Semantic and syntactic specialization during auditory sentence processing in 7-8-year-old children
- PMID: 34731687[PubMed].
Previous studies indicate that adults show specialized syntactic and semantic processes in both the temporal and frontal lobes during language comprehension. Neuro-cognitive models of language development argue that this specialization appears earlier in the temporal than the frontal lobe. However, there is little evidence supporting this proposed progression.
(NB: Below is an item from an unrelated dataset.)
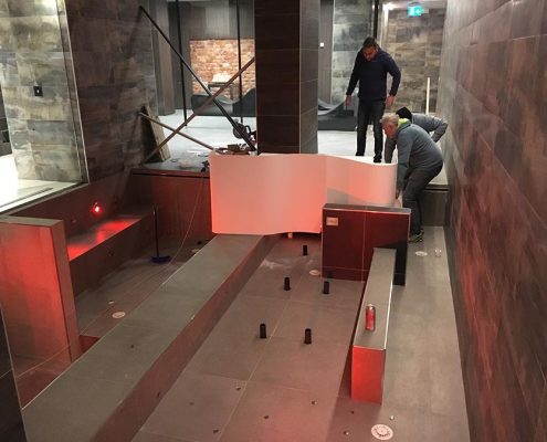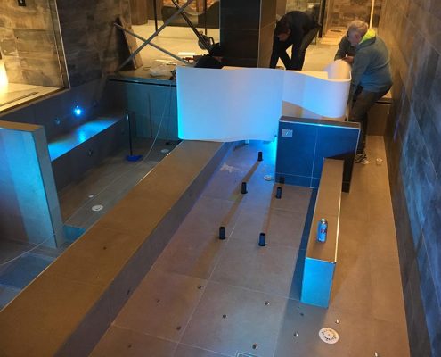 Si trattava di un lavoro delicato e di precisione perché le soluzioni individuate dal progettista erano innovative e ricercate, ma abbiamo completato l’area relax in 6 mesi.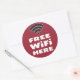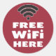 WiFi gratuit sticker ici avec police amusante et icône WiFi. Modifiez la couleur de l'arrière - plan si vous le souhaitez. Avertissez les clients que le service Internet gratuit est disponible dans votre entreprise.

Our recently published study (Wang, Rice, & Booth, 2020), using multivoxel pattern analyses, detected that children as young as 5 to 6 years old exhibit specialization and integration in the temporal lobe, but not the frontal lobe. In the current study, we used the same approach to examine semantic and syntactic specialization in children ages 7 to 8 years old. We found support for semantic specialization in the left middle temporal gyrus (MTG) for correct sentences and in the triangular part of the left inferior frontal gyrus (IFG) for incorrect sentences. We also found that the left superior temporal gyrus (STG) played an integration role and was sensitive to both semantic and syntactic processing during both correct and incorrect sentence processing. However, there was no support for syntactic specialization in 7- to 8-year-old children. As compared to our previous study on 5- to 6-year-old children, which only showed semantic specialization in the temporal lobe, the current study suggests a developmental progression to semantic specialization in the frontal lobe. This project represents an important step forward in testing neuro-cognitive models of language processing in children.